Killing journalists does not kill the truth

February 08, 2016 01:12 am | Updated February 09, 2016 05:18 pm IST

Last week, the international community focussed on the state of safety of journalists. On Wednesday (February 3, 2016), the International Federation of Journalists (IFJ) released its 25th report on journalists and media staff killed since 1990. The report lists the killing of 2,297 media professionals due to violence in journalism. This number includes 112 journalists who were killed in 2015 alone. The IFJ report also highlights the fact that from double digits at the start of these publications, the figures reached three digits in 11 years, peaking to 155 killings of journalists and media staff in 2006, the deadliest year on record, and the growing impunity with which the lives of journalists are extinguished by different illiberal forces professing myriad ideological views.

Two days after the release of the report, the United Nations Educational, Scientific and Cultural Organisation organised a day-long international conference of “news organisations standing up for the safety of media professionals”. It aimed at providing news organisations a platform to discuss the existing and new measures to strengthen journalists’ safety worldwide and engage with member states on these issues. The conference brought together many high-level representatives of news organisations from all regions, including community media and small media outlets together to share good practices on the safety of journalists and highlight the issue of journalist safety more proactively.

The IFJ report pointed out that wars and armed conflicts account for a number of deaths. But these deaths are only a part of the grim numbers. According to IFJ general secretary Anthony Bellanger, there were other reasons, often removed from the war theatre, for targeting journalists, many of whom are victims of organised crime barons and corrupt officials. “It is a recurring finding of our reports that there are many more killed in peacetime situations than in war-stricken countries,” said Mr. Bellanger.

The IFJ report estimates that only one of ten killings is investigated. Mr. Bellanger seeks an active intervention to stop the tide of violence against journalists. He said: “It requires governments to comply with their international obligations by investigating journalists’ killings and bringing those responsible to justice, thus deterring future violence. It depends on the willingness of the United Nations and its agencies, as the custodians of international instruments which enshrine the right to physical integrity of all human beings, to enforce these guarantees for the benefit of journalists and other media personnel.”

Preventing violence against journalists The attack on journalists generates a huge international fury and an optical illusion of a concerted action to put an end to the impunity with which men and women who wield the pen are killed. The United Nations General Assembly adopted a resolution at its 68th session in 2013, which proclaimed November 2 as the ‘International Day to End Impunity for Crimes against Journalists’ (IDEI). This resolution not only condemned all attacks and violence against journalists but also urged member states to do their utmost to prevent violence against journalists. It called upon states to promote a safe and enabling environment for journalists to perform their work independently and without undue interference.

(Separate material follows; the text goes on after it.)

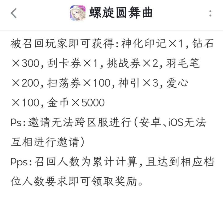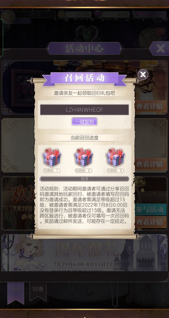 我是V6老玩家,提前蹲安卓回归姐妹,可加好友。要求15级以上,超过一个月没登陆,等到7月29日登陆填我的召回码,可拿以下奖励(一定要到7.29号填召回码登陆才能拿到哦)

The first lesson we learn as journalists is that no story is worth dying for, and most journalists do take necessary precautionary measures to protect themselves. But it is the stark political reality that emboldens the perpetrators. Some of the misplaced questions from the authorities are: why was the reporter present in a conflict area? Why do you want to cover violence? The acts of violence are by non-state players and so why should the state be held responsible for the killing? It is important to understand that numbers and statistics are inadequate to explain the sense of loss to a society by these wanton acts of violence designed to silence voices. The killing of journalists creates an atmosphere of fear, intimidation and an eerie silence.

My first international assignment was to cover Sri Lanka in the aftermath of the Indo-Sri Lankan accord in 1987. It was the time when the island-nation was at war both in the north (between the Liberation Tigers of Tamil Eelam and the Indian Peace Keeping Force) and in the south (between the Janatha Vimukthi Peramuna and the Sri Lankan Army). I was fortunate to know Richard de Zoysa, an editor with the Inter Press Service, who guided me through the developments in the south, and Kumaraguru Kugamoorthy, an employee of the Sri Lanka Broadcasting Corporation, who provided insights into the developments in the north.

I was unfortunate that I also had to record their ‘disappearances’. On February 18, 1990, de Zoysa, 32, was abducted and killed and his body was found near Lunawa beach near Colombo. On September 20, 1990, Kugamoorthy was waylaid and abducted while he was returning from work. That was the last heard of him. In his 1989 poem, de Zoysa captured the role of a journalist using an elegant metaphor:

“I am the eye of the camera

Can only reflect, never reject

Never deflect.

I am the eye of the Camera

Silent recorder of life and death

Eye that can only reflect

Never conjure up images

Probe the reality

Never reject.”

Neither the killer of the journalist nor the prosecution agencies seems to read poems.